[DATA SHOWN — start]

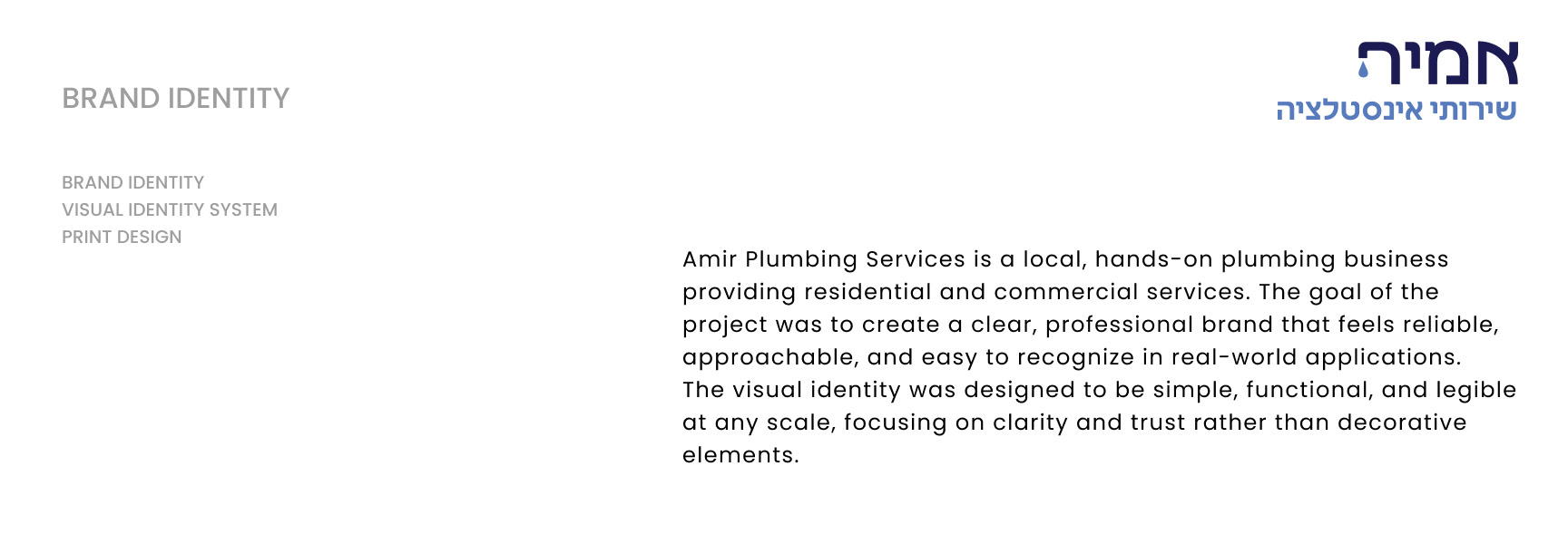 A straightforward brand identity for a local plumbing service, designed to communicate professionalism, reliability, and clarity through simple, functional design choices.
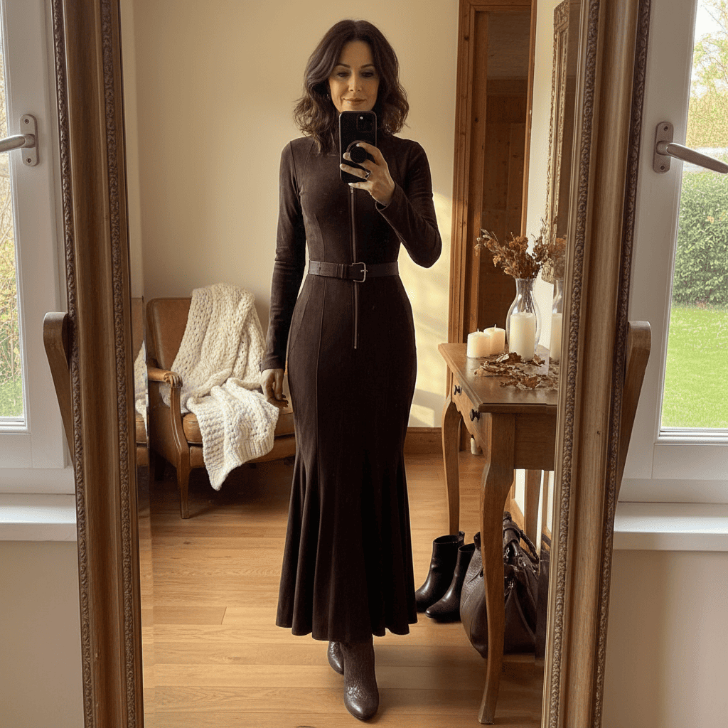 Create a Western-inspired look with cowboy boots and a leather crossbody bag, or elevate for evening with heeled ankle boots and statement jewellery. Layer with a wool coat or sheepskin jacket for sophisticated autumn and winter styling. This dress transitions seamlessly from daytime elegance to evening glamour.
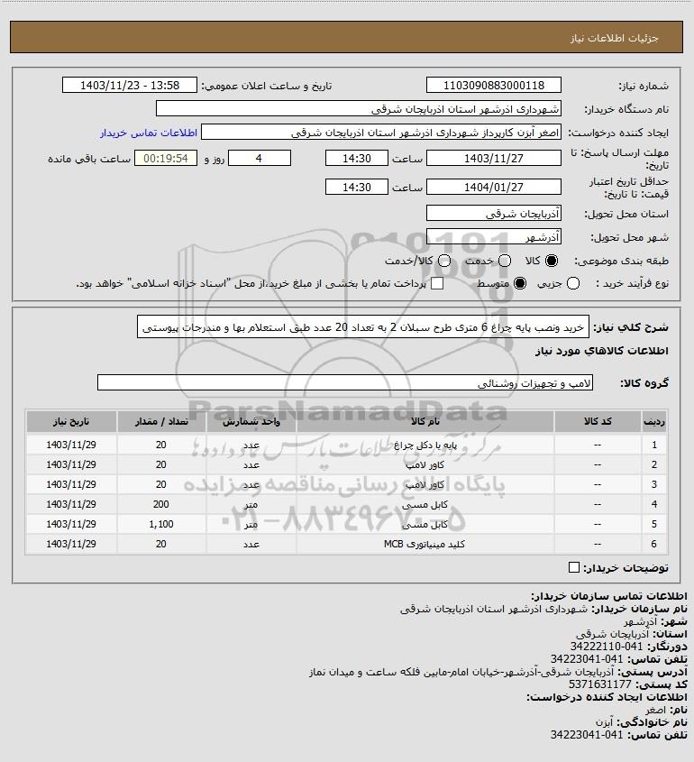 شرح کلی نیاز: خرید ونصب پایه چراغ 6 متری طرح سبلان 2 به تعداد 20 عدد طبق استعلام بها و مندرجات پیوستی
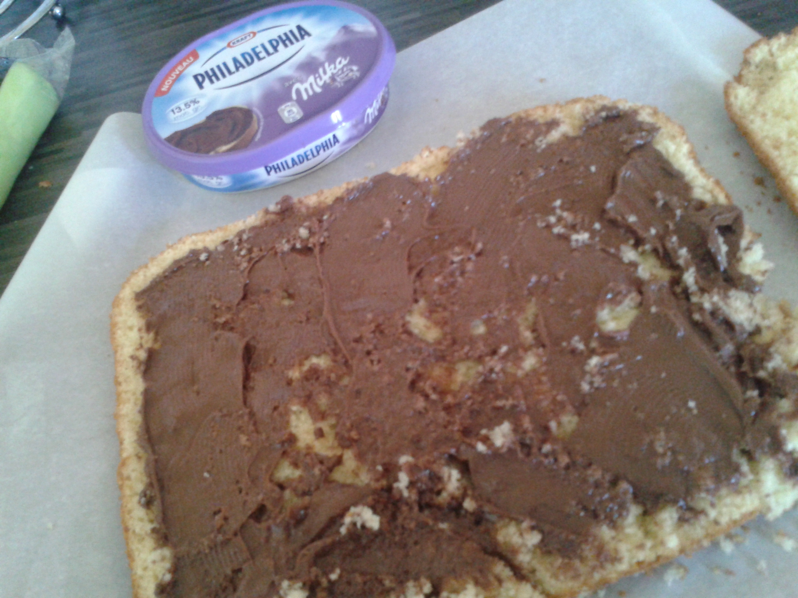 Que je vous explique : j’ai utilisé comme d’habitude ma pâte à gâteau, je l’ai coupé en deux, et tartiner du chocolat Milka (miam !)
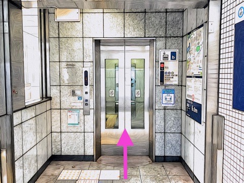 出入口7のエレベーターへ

[DATA SHOWN — finish]
[DATA SHOWN — start]

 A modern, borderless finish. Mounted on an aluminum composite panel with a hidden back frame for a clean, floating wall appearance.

[DATA SHOWN — finish]
[DATA SHOWN — start]

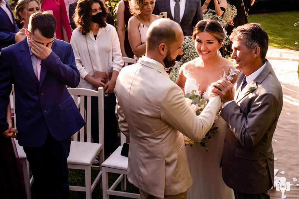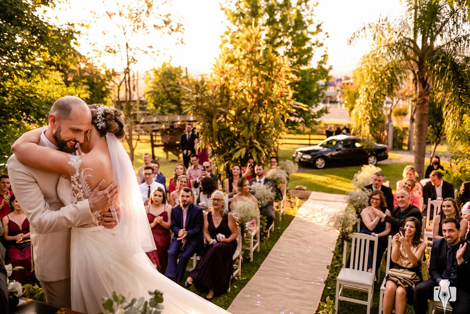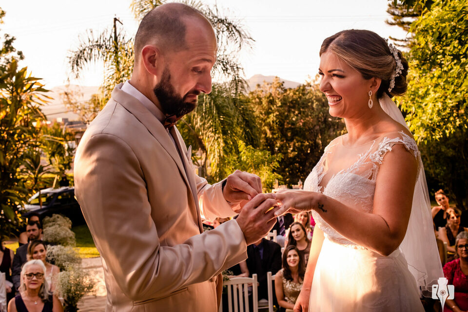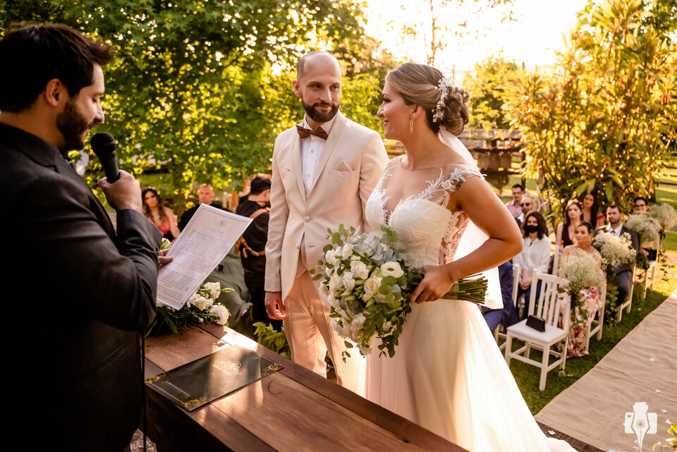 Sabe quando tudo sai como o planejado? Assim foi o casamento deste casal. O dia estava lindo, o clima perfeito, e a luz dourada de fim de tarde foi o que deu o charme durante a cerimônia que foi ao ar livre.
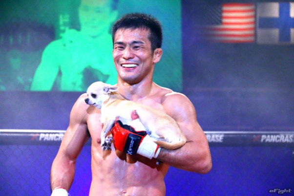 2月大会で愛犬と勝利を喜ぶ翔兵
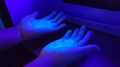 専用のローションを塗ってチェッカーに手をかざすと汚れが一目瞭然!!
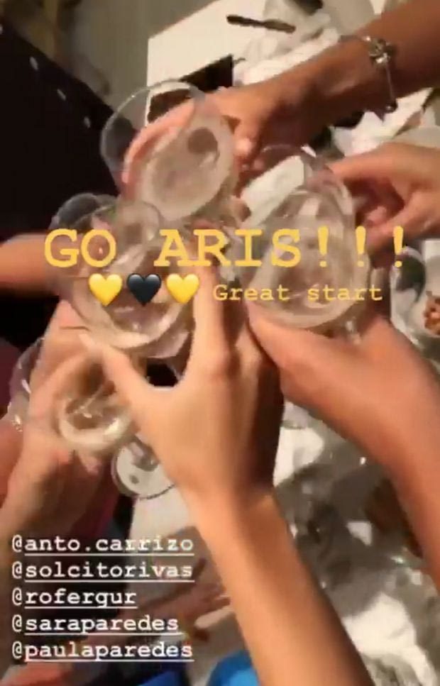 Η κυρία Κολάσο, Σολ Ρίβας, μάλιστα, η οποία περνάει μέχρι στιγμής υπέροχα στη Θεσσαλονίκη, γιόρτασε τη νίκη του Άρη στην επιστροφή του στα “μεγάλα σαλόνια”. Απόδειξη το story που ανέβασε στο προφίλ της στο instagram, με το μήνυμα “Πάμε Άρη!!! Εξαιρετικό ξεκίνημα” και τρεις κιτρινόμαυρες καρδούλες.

[DATA SHOWN — finish]

EXERCISE: Leaving all pictures out, output exactly the lines of the material above from the line with "Que je vous" to the line with "出入口7のエレベーターへ", both included.

RESPONSE BELOW:
 Que je vous explique : j’ai utilisé comme d’habitude ma pâte à gâteau, je l’ai coupé en deux, et tartiner du chocolat Milka (miam !)
 出入口7のエレベーターへ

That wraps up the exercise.